Search code examples
ccompilationfortranstatic-analysisc99

Tentative definitions in C and linking


Consider the C program composed of two files,

f1.c:

int x;

f2.c:

int x=2;

My reading of paragraph 6.9.2 of the C99 standard is that this program should be rejected. In my interpretation of 6.9.2, variable x is tentatively defined in f1.c, but this tentative definition becomes an actual definition at the end of the translation unit, and (in my opinion), should therefore behave as if f1.c contained the definition int x=0;.

With all compilers (and, importantly, linkers) I was able to try, this is not what happens. All compilation platforms I tried do link the above two files, and the value of x is 2 in both files.

I doubt this happens by accident, or just as an "easy" feature to provide in addition to what the standard requires. If you think about it, it means there is special support in the linker for those global variables that do not have an initializer, as opposed to those explicitly initialized to zero. Someone told me that the linker feature may be necessary to compile Fortran anyway. That would be a reasonable explanation.

Any thoughts about this? Other interpretations of the standard? Names of platforms on which files f1.c and f2.c refuse to be linked together?
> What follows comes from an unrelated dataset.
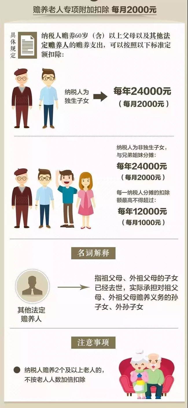 個稅贍養(yǎng)老人專項附加扣除 18個熱點問答   1.贍養(yǎng)老人專項附加扣除的扣除范圍是怎么規(guī)定的?   仁本解答:納稅人贍養(yǎng)年滿60歲父母以及子女均已去世的年滿60歲祖父母、外祖父母的贍養(yǎng)支出,可以稅前扣除。   2.贍養(yǎng)老人專項附加扣除的扣除標準是怎么規(guī)定的?   仁本解答:納稅人為獨生子女的,按照每月2000元的標準定額扣除。納稅人為非獨生子女的,應當與其兄弟姐妹分攤每月2000元的扣除額度,分攤的扣除額最高不得超過每月1000元。   3.贍養(yǎng)老人專項附加扣除的分攤方式有哪幾種?   仁本解答:贍養(yǎng)老人專項附加扣除的分攤方式包括由贍養(yǎng)人均攤或約定分攤,也可以由被贍養(yǎng)人指定分攤。采取指定分攤或者約定分攤方式的,每一納稅人分攤的扣除額最高不得超過每月1000元,并簽訂書面分攤協(xié)議。指定分攤與約定分攤不一致的,以指定分攤為準。   4.贍養(yǎng)老人專項附加扣除的扣除方式是怎樣的?   仁本解答:贍養(yǎng)老人專項附加扣除采取定額標準扣除方式。   5.贍養(yǎng)老人專項附加扣除的扣除主體是誰?   仁本解答:贍養(yǎng)老人專項附加扣除的扣除主體包括:一是負有贍養(yǎng)義務的所有子女?!痘橐龇ā芬?guī)定:婚生子女、非婚生子女、養(yǎng)子女、繼子女有贍養(yǎng)扶助父母的義務。二是祖父母、外祖父母的子女均已經(jīng)去世,負有贍養(yǎng)義務的孫子女、外孫子女。   6.納稅人父母年齡均超過60周歲,在進行贍養(yǎng)老人扣除時,是否可以按照兩倍標準扣除?   仁本解答:不能??鄢龢藴适前凑彰總€納稅人有兩位贍養(yǎng)老人測算的。只要父母其中一位達到60歲就可以享受扣除,不按照老人人數(shù)計算。   7.由于納稅人的叔叔伯伯無子女,納稅人實際承擔對叔叔伯伯的贍養(yǎng)義務,是否可以扣除贍養(yǎng)老人支出?   仁本解答:不可以。被贍養(yǎng)人是指年滿60歲的父母,以及子女均已去世的年滿60歲的祖父母、外祖父母。   8.贍養(yǎng)老人的分攤扣除,是否需要向稅務機關報送協(xié)議?   仁本解答:納稅人之間贍養(yǎng)老人支出采用分攤扣除的,如果是均攤,兄弟姐妹之間不需要再簽訂書面協(xié)議,也無需向稅務機關報送。如果采取約定分攤或者老人指定分攤的方式,需要簽訂書面協(xié)議,書面協(xié)議不需要向稅務機關或者扣繳義務人報送,自行留存?zhèn)洳椤?br/>   9.贍養(yǎng)岳父岳母或公婆的費用是否可以享受個人所得稅附加扣除?   仁本解答:不可以。被贍養(yǎng)人是指年滿60歲的父母,以及子女均已去世的年滿60歲的祖父母、外祖父母。   10.父母均要滿60歲,還是只要一位滿60歲即可?   仁本解答:父母中有一位年滿60周歲的,納稅人可以按照規(guī)定標準扣除。   11.獨生子女家庭,父母離異后再婚的,如何享受贍養(yǎng)老人專項附加扣除?   仁本解答:對于獨生子女家庭,父母離異后重新組建家庭,在新組建的兩個家庭中,只要父母中一方?jīng)]有納稅人以外的其他子女進行贍養(yǎng),則納稅人可以按照獨生子女標準享受每月2000元贍養(yǎng)老人專項附加扣除。除上述情形外,不能按照獨生子女享受扣除。在填寫專項附加扣除信息表時,納稅人需注明與被贍養(yǎng)人的關系。   12.雙胞胎是否可以按照獨生子女享受贍養(yǎng)老人扣除?   仁本解答:雙胞胎不可以按照獨生子女享受贍養(yǎng)老人扣除。雙胞胎兄弟姐妹需要共同贍養(yǎng)父母,雙胞胎中任何一方都不是父母的唯一贍養(yǎng)人,因此每個子女不能獨自2000元的扣除額度。   13.生父母有兩個子女,將其中一個過繼給養(yǎng)父母,養(yǎng)父母家沒有其他子女,被過繼的子女屬于獨生子女嗎?留在原家庭的孩子,屬于獨生子女嗎?   仁本解答:被過繼的子女,在新家庭中屬于獨生子女。留在原家庭的孩子,如沒有兄弟姐妹與其一起承擔贍養(yǎng)生父母的義務,也可以按照獨生子女標準享受扣除。   14.非獨生子女的兄弟姐妹都已去世,是否可以按獨生子女贍養(yǎng)老人扣除2000元/月?   仁本解答:一個納稅年度內(nèi),如納稅人的其他兄弟姐妹均已去世,其可在第二年按照獨生子女贍養(yǎng)老人標準2000元/月扣除。如納稅人的兄弟姐妹在2019年1月1日以前均已去世,則選擇按“獨生子女”身份享受贍養(yǎng)老人扣除標準;如納稅人已按“非獨生子女”身份填報,可修改已申報信息,1月按非獨生子女身份扣除少享受的部分,可以在下月領工資時補扣除。   15.子女均已去世的年滿60歲的祖父母、外祖父母,孫子女、外孫子女能否按照獨生子女扣除,如何判斷?   仁本解答:只要祖父母、外祖父母中的任何一方,沒有納稅人以外的其他孫子女、外孫子女共同贍養(yǎng),則納稅人可以按照獨生子女扣除。如果還有其他的孫子女、外孫子女與納稅人共同贍養(yǎng)祖父母、外祖父母,則納稅人不能按照獨生子女扣除。   16.兩個子女中的一個無贍養(yǎng)父母的能力,是否可以由余下那名子女享受2000元扣除標準?   仁本解答:不可以。按照《暫行辦法》規(guī)定,納稅人為非獨生子女的,在兄弟姐妹之間分攤2000元/月的扣除額度,每人分攤的額度不能超過每月1000元,不能由其中一人單獨享受全部扣除。   17.非獨生子女,父母指定或兄弟協(xié)商,是否可以最高某一個子女可以扣2000元?   仁本解答:根據(jù)《個人所得稅專項附加扣除暫行辦法》規(guī)

Note: this is important because the question occurs in the context of static analysis. If the two files may refuse to be linked on some platform, the analyzer should complain, but if every compilation platform accepts it then there is no reason to warn about it.


Solution

  • See also What are extern variables in C. This is mentioned in the C standard in informative Annex J as a common extension:

    J.5.11 Multiple external definitions

    There may be more than one external definition for the identifier of an object, with or without the explicit use of the keyword extern; if the definitions disagree, or more than one is initialized, the behavior is undefined (6.9.2).

    Warning

    As @litb points out here, and as stated in my answer to the cross-referenced question, using multiple definitions for a global variable leads to undefined behaviour, which is the standard's way of saying "anything could happen". One of the things that can happen is that the program behaves as you expect; and J.5.11 says, approximately, "you might be lucky more often than you deserve". But a program that relies on multiple definitions of an extern variable - with or without the explicit extern keyword - is not a strictly conforming program and not guaranteed to work everywhere. Equivalently: it contains a bug which may or may not show itself.

    See also How do I use extern to share variables between source files?

    As noted by Sven in a comment, and in my answer to "How do I use extern…", GCC changed its default rules relatively recently. In GCC 10.x (from May 2020) and later versions, the default compilation mode uses -fno-common whereas in prior versions the default mode used -fcommon. The new behaviour means that you do not get away with multiple tentative definitions, which is what the C standard requires for strict conformance.

    If you use GCC and have code that (ab)uses multiple tentative definitions, you can add -fcommon to the compilation process and it will work as before. However, your code is not maximally portable, and it would be better for the long-term to revise the code so that each variable is properly defined in one source file (that is linked with all programs that need to use that variable) and properly declared in one header that the source files which use the variable can all include (and the source file defining the variable should also include the header to ensure consistency).